Ultraprocessed foods loaded with fats, sugar, and sodium may be high in flavor and make for an easy and quick meal or snack option, but a new study has found that these foods increase the risk of early death.

Researchers from the University of Paris 13 examined the link between high consumption of ultraprocessed foods, like processed meats, snack foods, and ready-to-eat meals, and early death.

Studies have linked ultraprocessed foods with obesity, an increased risk of cancer, and even mania. Despite the health risks and the benefits of diets high in fruits and vegetables, processed foods make up a large majority of most diets today.

In the US in 2012, 61 percent of all energy from food consumption came from ultraprocessed foods. one study found. In the UK, 63 percent of all energy came from processed foods, and in Canada, that number was 62 percent.

For this recent study, the researchers evaluated the long-term impacts of high-processed foods on health and early death risk.

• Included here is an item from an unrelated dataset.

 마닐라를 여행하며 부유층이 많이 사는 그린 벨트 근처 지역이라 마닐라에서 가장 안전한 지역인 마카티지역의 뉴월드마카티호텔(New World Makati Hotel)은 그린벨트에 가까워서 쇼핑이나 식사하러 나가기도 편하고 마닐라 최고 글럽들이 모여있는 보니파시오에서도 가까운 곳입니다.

44,551 French adults 45 years of age or older took part in a two-year study. Every six months the participants filled out a health questionnaire and kept a food diary for 24 hours.

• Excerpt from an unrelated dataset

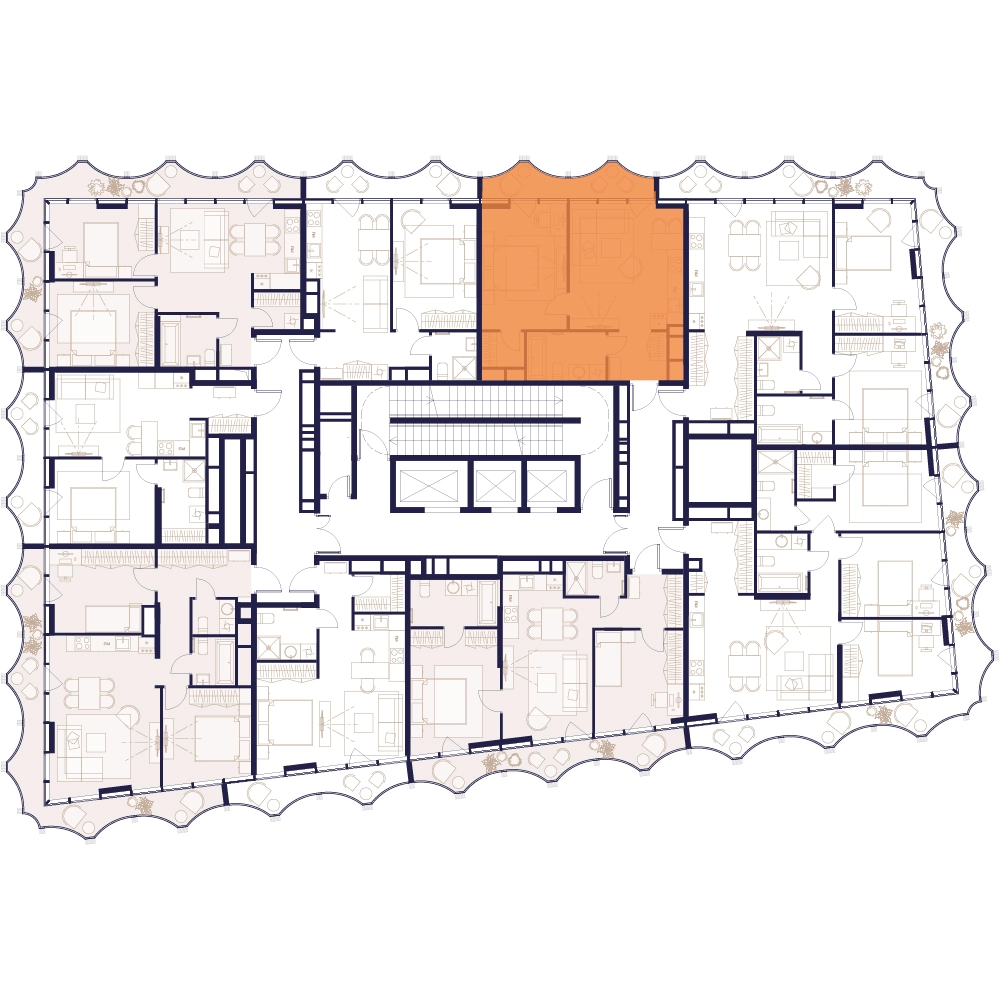 Уникальные форматы квартир с мастер-спальнями, приватными террасами, балконами, а также пентхаусы с открыточными видами на город.

Participants were surveyed about their weight and physical activity and sociodemographics, according to CNN which reported on the study.

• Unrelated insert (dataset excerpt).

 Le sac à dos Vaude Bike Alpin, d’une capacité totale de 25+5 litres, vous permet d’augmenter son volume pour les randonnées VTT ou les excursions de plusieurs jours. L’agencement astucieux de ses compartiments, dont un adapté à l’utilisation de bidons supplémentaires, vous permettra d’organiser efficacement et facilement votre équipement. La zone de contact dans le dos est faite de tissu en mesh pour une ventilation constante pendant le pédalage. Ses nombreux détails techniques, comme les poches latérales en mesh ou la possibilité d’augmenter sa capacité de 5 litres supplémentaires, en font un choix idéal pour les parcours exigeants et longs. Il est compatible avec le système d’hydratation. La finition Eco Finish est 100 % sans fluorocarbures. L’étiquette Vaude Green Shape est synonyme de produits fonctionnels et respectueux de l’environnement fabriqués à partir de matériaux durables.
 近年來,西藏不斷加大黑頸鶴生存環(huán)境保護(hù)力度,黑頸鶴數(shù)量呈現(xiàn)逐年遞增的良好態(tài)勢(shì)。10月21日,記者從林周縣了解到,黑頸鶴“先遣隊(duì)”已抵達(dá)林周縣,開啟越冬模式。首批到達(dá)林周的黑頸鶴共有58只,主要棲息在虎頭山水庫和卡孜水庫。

Ultraprocessed foods accounted for about 14 percent of total food weight consumed by the participants and around 29 percent of total calories.

High consumption of ultraprocessed foods was linked to a younger demographic, lower incomes and lower education level, high body mass index and low physical activity.

Over the study period, 602 participants died, which allowed the researchers to analyze the impact of high consumption of ultraprocessed foods on early death.

The researchers found that a 10 percent increase in ultraprocessed food consumption was linked to a 14 higher risk of mortality.

Overall, the study results in align with previous research highlighting the adverse health risks of eating highly processed foods. Unfortunately, for many people, these foods are cheap and widely available.

To counter our additive addictions, health experts recommend loading up on fruits and vegetables as much as possible and switching out refined grains for whole grains.

But as food deserts are a real problem in many parts of the US, and low-income areas often lack access to affordable, high-nutrient, and fresh foods, policy changes, public health campaigns, and the medical community will have to work together to make a healthier diet easily accessible.